But I think we'll be just fine just checking if the ref is already dying
once inside the mutex. If it is, it's either going away, or someone else
is already doing io_uring_register() on it.


diff --git a/fs/io_uring.c b/fs/io_uring.c
index f65f85d89217..a2f39faed6a7 100644
--- a/fs/io_uring.c
+++ b/fs/io_uring.c
@@ -2934,6 +2934,14 @@ static int __io_uring_register(struct io_ring_ctx *ctx, unsigned opcode,
{
int ret;

+ /*
+ * We're inside the ring mutex, if the ref is already dying, then
+ * someone else killed the ctx or is already going through
+ * io_uring_register().
+ */
+ if (percpu_ref_is_dying(&ctx->refs))
+ return -ENXIO;
+
percpu_ref_kill(&ctx->refs);

/*

--
Jens Axboe

Linus Torvalds

unread,
Apr 22, 2019, 12:24:13 PM4/22/19
to syzbot, Arnd Bergmann, Jens Axboe, Borislav Petkov, Darrick J. Wong, Greg Kroah-Hartman, Peter Anvin, Linux API, linux-arch, linux-block, linux-fsdevel, Linux List Kernel Mailing, Andrew Lutomirski, Mathieu Desnoyers, Ingo Molnar, Michael Ellerman, syzkaller-bugs, Thomas Gleixner, Al Viro, the arch/x86 maintainers
On Mon, Apr 22, 2019 at 9:06 AM syzbot
<syzbot+10d25e...@syzkaller.appspotmail.com> wrote:
>
>
> The bug was bisected to:
>
> commit 38e7571c07be01f9f19b355a9306a4e3d5cb0f5b
> Author: Linus Torvalds <torv...@linux-foundation.org>
> Date: Fri Mar 8 22:48:40 2019 +0000
>
> Merge tag 'io_uring-2019-03-06' of git://git.kernel.dk/linux-block
>
> percpu_ref_kill_and_confirm called more than once on io_ring_ctx_ref_free!

So I don't see how that happens in the original code (because
__io_uring_register() is called with the uring_lock held), but let's
see.

HOWEVER.

I do see how it happens now as of the latest kernel as of commit
b19062a56726 ("io_uring: fix possible deadlock between
io_uring_{enter,register}") where the code explicitly drops the mutex
in order to wait for other uring users to finish.

So Jens, I think that commit was buggy.

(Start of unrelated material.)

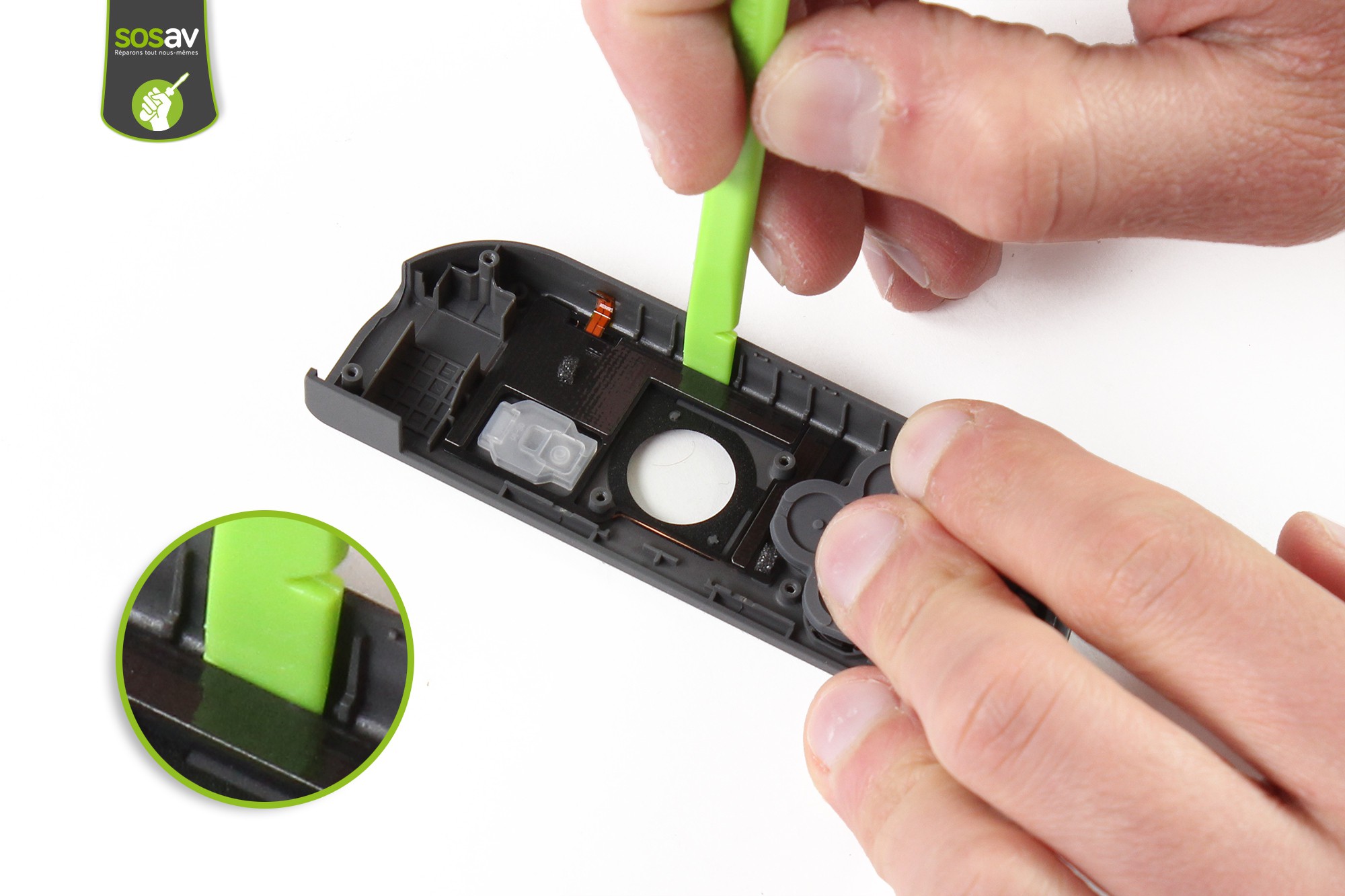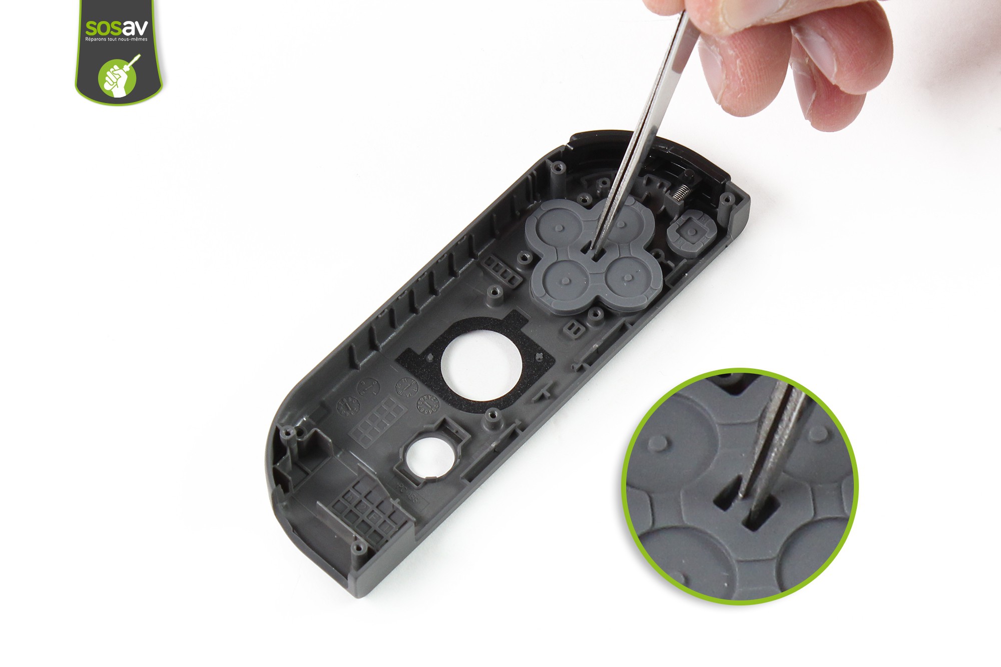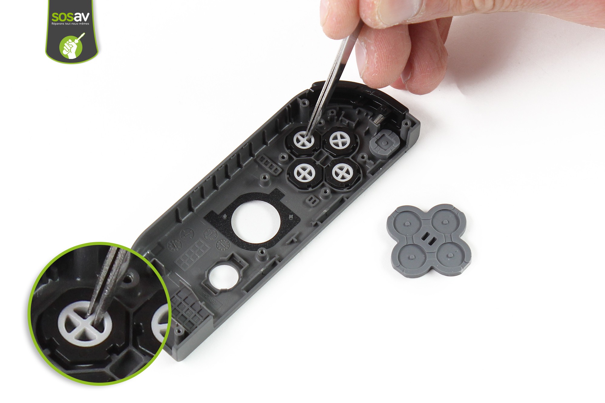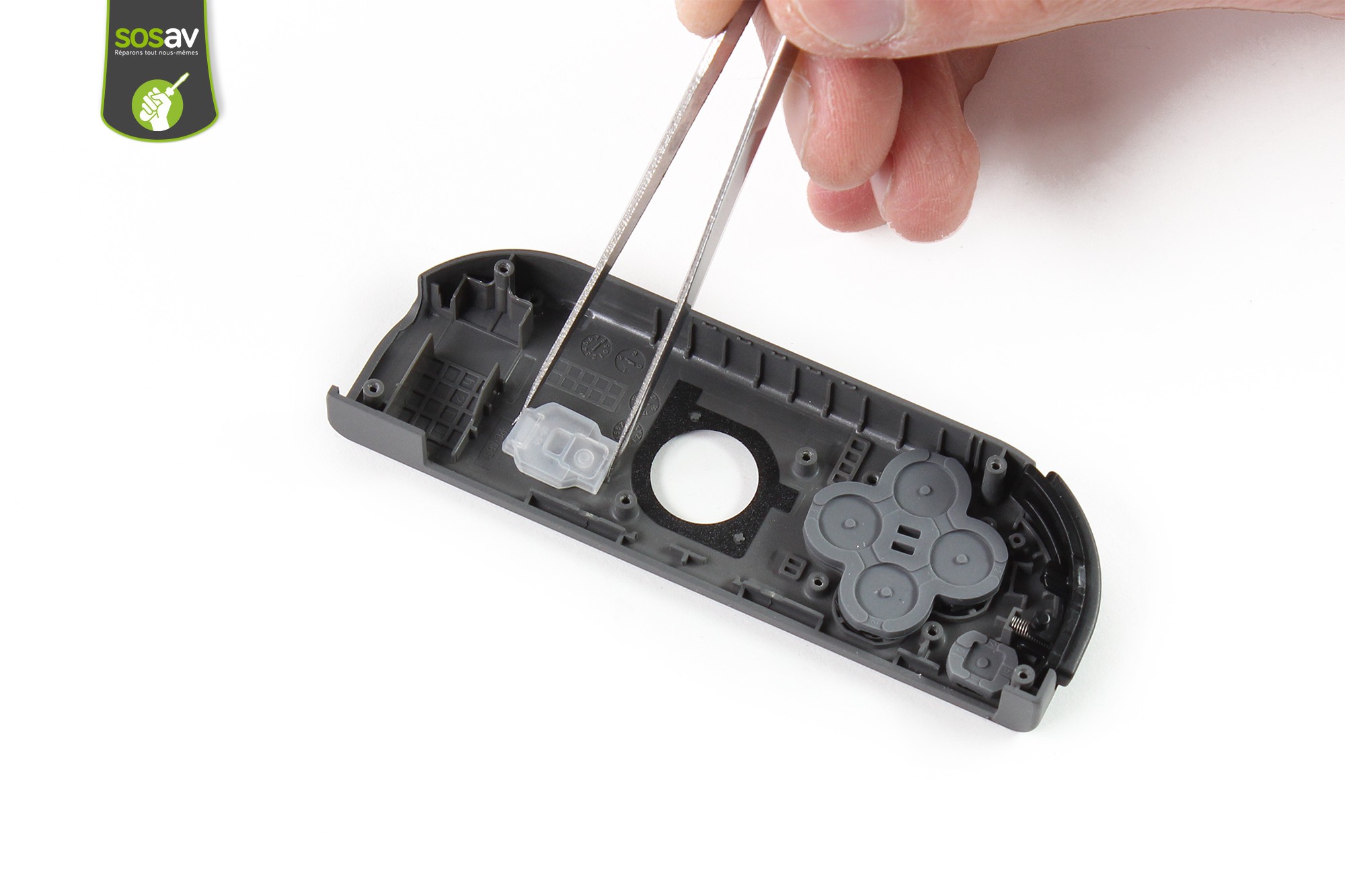 Saisissez ensuite le caoutchouc d'appui des boutons d'action et procédez à son retrait à l'aide de la pince.

I suspect that
io_uring_register() should perhaps do something like

--- a/fs/io_uring.c
+++ b/fs/io_uring.c
@@ -2934,7 +2934,10 @@ static int __io_uring_register(struct
io_ring_ctx *ctx, unsigned opcode,
{
int ret;

+ if (!percpu_ref_tryget(&ctx->refs))
+ return -EBUSY;
percpu_ref_kill(&ctx->refs);
+ percpu_ref_put(&ctx->refs);

/*
* Drop uring mutex before waiting for references to exit. If another

to guarantee that it's the *only* case of io_uring_register() doing that kill.

Hmm?

Linus

Linus Torvalds

unread,
Apr 22, 2019, 12:28:18 PM4/22/19
to Jens Axboe, syzbot, Arnd Bergmann, Borislav Petkov, Darrick J. Wong, Greg Kroah-Hartman, Peter Anvin, Linux API, linux-arch, linux-block, linux-fsdevel, Linux List Kernel Mailing, Andrew Lutomirski, Mathieu Desnoyers, Ingo Molnar, Michael Ellerman, syzkaller-bugs, Thomas Gleixner, Al Viro, the arch/x86 maintainers
[ Crossed emails ]

On Mon, Apr 22, 2019 at 9:23 AM Jens Axboe <ax...@kernel.dk> wrote:
>
> I think the below should fix this. Very early versions of io_uring didn't
> have this issue, since we did the percpu ref tryget for io_uring_register().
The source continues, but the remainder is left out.